Phew well thanks Mandy & Dave the annual Global Get Together Rally (that was the subs rally last year) will be held at Lickhill Manor this year in August.
The first 60 on the list will have one nights camping free as long as you are a subscriber.

We hope as many as possible can make it and its only £4pn so even if you don't get to be in the 1st 60 it's not an expensive weekend.

Jacquie


----------



## Snelly (Aug 20, 2005)

I'll have to book the time off, but we'll be there!


----------



## zulurita (May 9, 2005)

I think I have already put my name on the list for this one, must go and check.

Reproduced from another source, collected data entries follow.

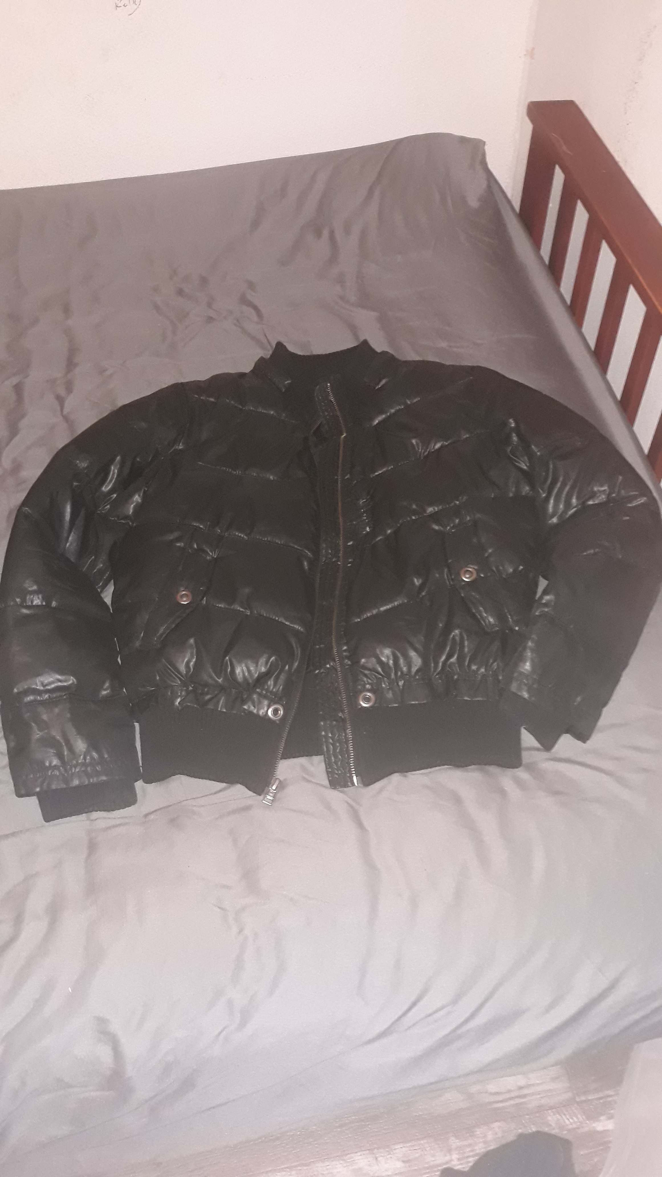 black leather kinda cropped coat, pefect for the cold weather, comertable, never worn, and great quality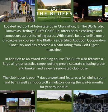 Recognized by many suburban golfers as a hidden gem, PrairieView Golf Club boasts beautiful views of restored dolomite prairieland that is well worth a short drive west out to Bryon, Ill. (south of Rockford). With challenging greens, dramatic bunkering, and supreme conditioning, the course will test the skills and nerves of every golfer. PrairieView is also home to PrairieFire Golf & Grill, a year-round Toptracer Range® with heated bays, lounge seating, and great food and drink selections.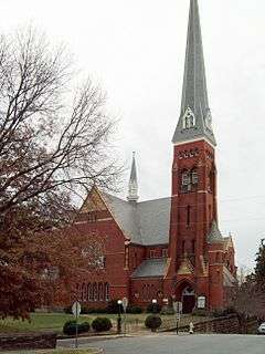 The First Baptist Church, a historic Baptist church located at Lynchburg, Virginia. It is built of hard-pressed red brick on a rough granite foundation. The main facade of the church, facing Eleventh Street, and the two sides are centered with large rose windows framed within Gothic arches covered with hood moldings. Construction began in 1884 and the church was dedicated in 1886. In the 1920s, Lynchburg architect Stanhope S. Johnson designed the complementary Sunday School annex. In 1941, the interior of the sanctuary was modified by Stanhope S. Johnson, with the creation of a divided chancel. It is home to the oldest Baptist congregation of Lynchburg, established in July 1815.[3]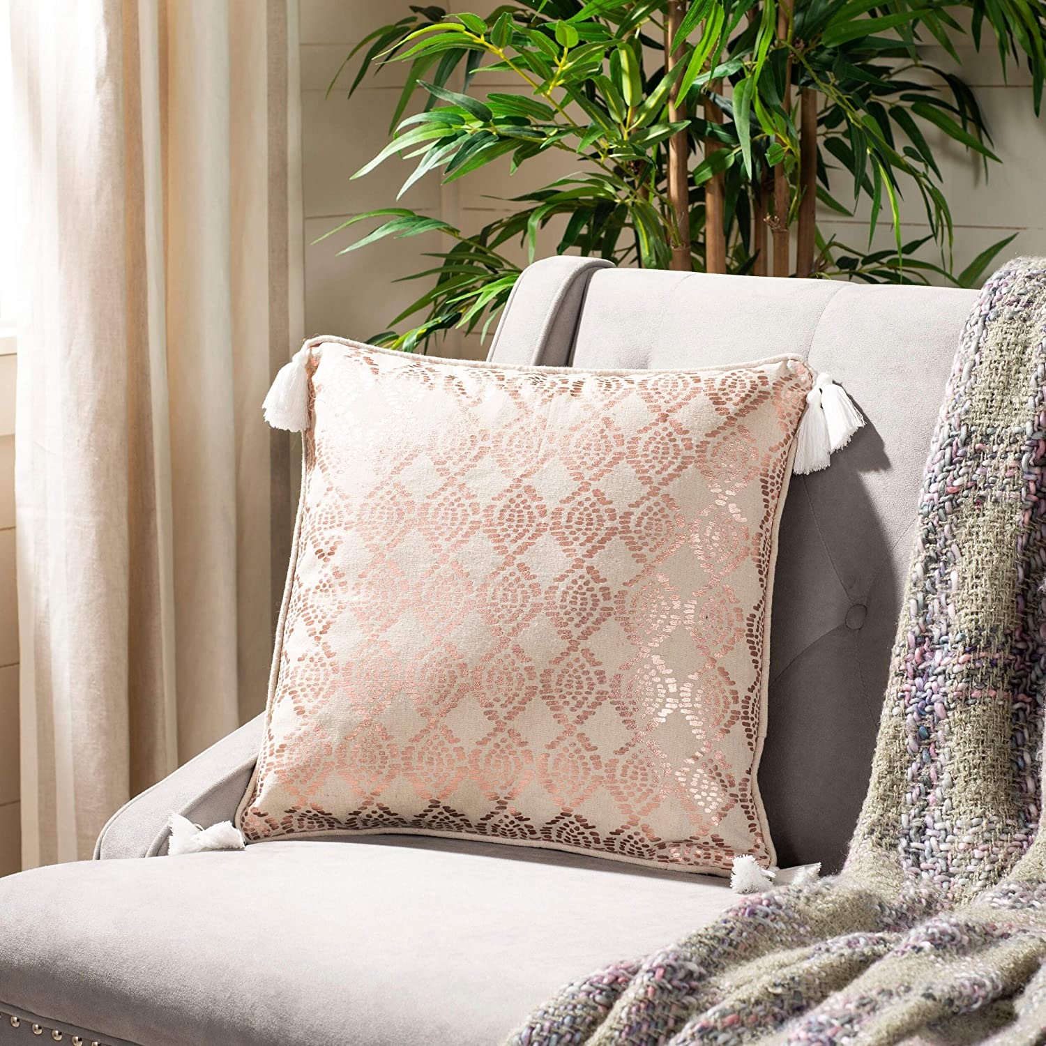 18" Pillow Gold Pink Geometric Modern Contemporary Cotton Single

Yep I did...........but how do I confirm booking if it's not a show rally. Do I make a booking with Lickhill Manor direct first and then click the link?


----------



## 88781 (May 9, 2005)

No need to do anything Rita, just turn up and pay on the day!


----------



## hippypair (May 1, 2005)

I see on the list of attendees some have a confirmed yes.How can I do this? I had previously said that I would be attending Mandy and Daves rally on this date,at this site.
regards Terry.


----------



## zulurita (May 9, 2005)

ok thanks,

So no need for me to change to confirmed status, you will do that for me/or not req.


----------



## 88781 (May 9, 2005)

yep will sort it for you Rita :wink:


----------



## LadyJ (May 9, 2005)

Rita and Terry I will confirm you both as attending.

Jacquie


----------



## zulurita (May 9, 2005)

Many many thanks  

It's in my diary  now. Just got to remember to come back from France :wink: Only joking, back in July. Next on the agenda to book with show organisers for the Malvern show then I'm all set, will do it before going on holiday.


----------



## LeoK (Apr 21, 2006)

*Lickhill Manor get together*

.
"**** Expletives deleted ****

With much regret, won't be able to make this one due to conflicting booking.

We just know that you will all enjoy it immensely.

Have fun for us too.


----------



## sallytrafic (Jan 17, 2006)

I'm booked (provisional) for this rally but have decided not to come as it will be too stressful for our dogs, one or two dogs ok 100's of labs I don't think so. One of our dogs wasn't socialised as a puppy.


So how do I go about removing my name from the list and freeing it up for someone else?

Regards Frank


----------



## cobaltkoala (Sep 11, 2006)

*CONFIRMING!*

We cant find our confirming link E-Mail.
We thought we had confirmed. DOH!
Can someone with the technology please change us to Confirmed.

many thanks


----------



## artona (Jan 19, 2006)

Hi Frank

Confirm this with Nuke but I think that although there will be some camping a lot of the labs will be day visitors on the Saturday only


stew


----------



## Frantone (Sep 6, 2006)

*Annual do*

Hi Mandy & Dave

Can we attend the annual do for just the Saturday night?
If so we will confirm.
Tony & Frances


----------



## 88870 (May 10, 2005)

Bit of a bummer if you are allergic to dogs eh! 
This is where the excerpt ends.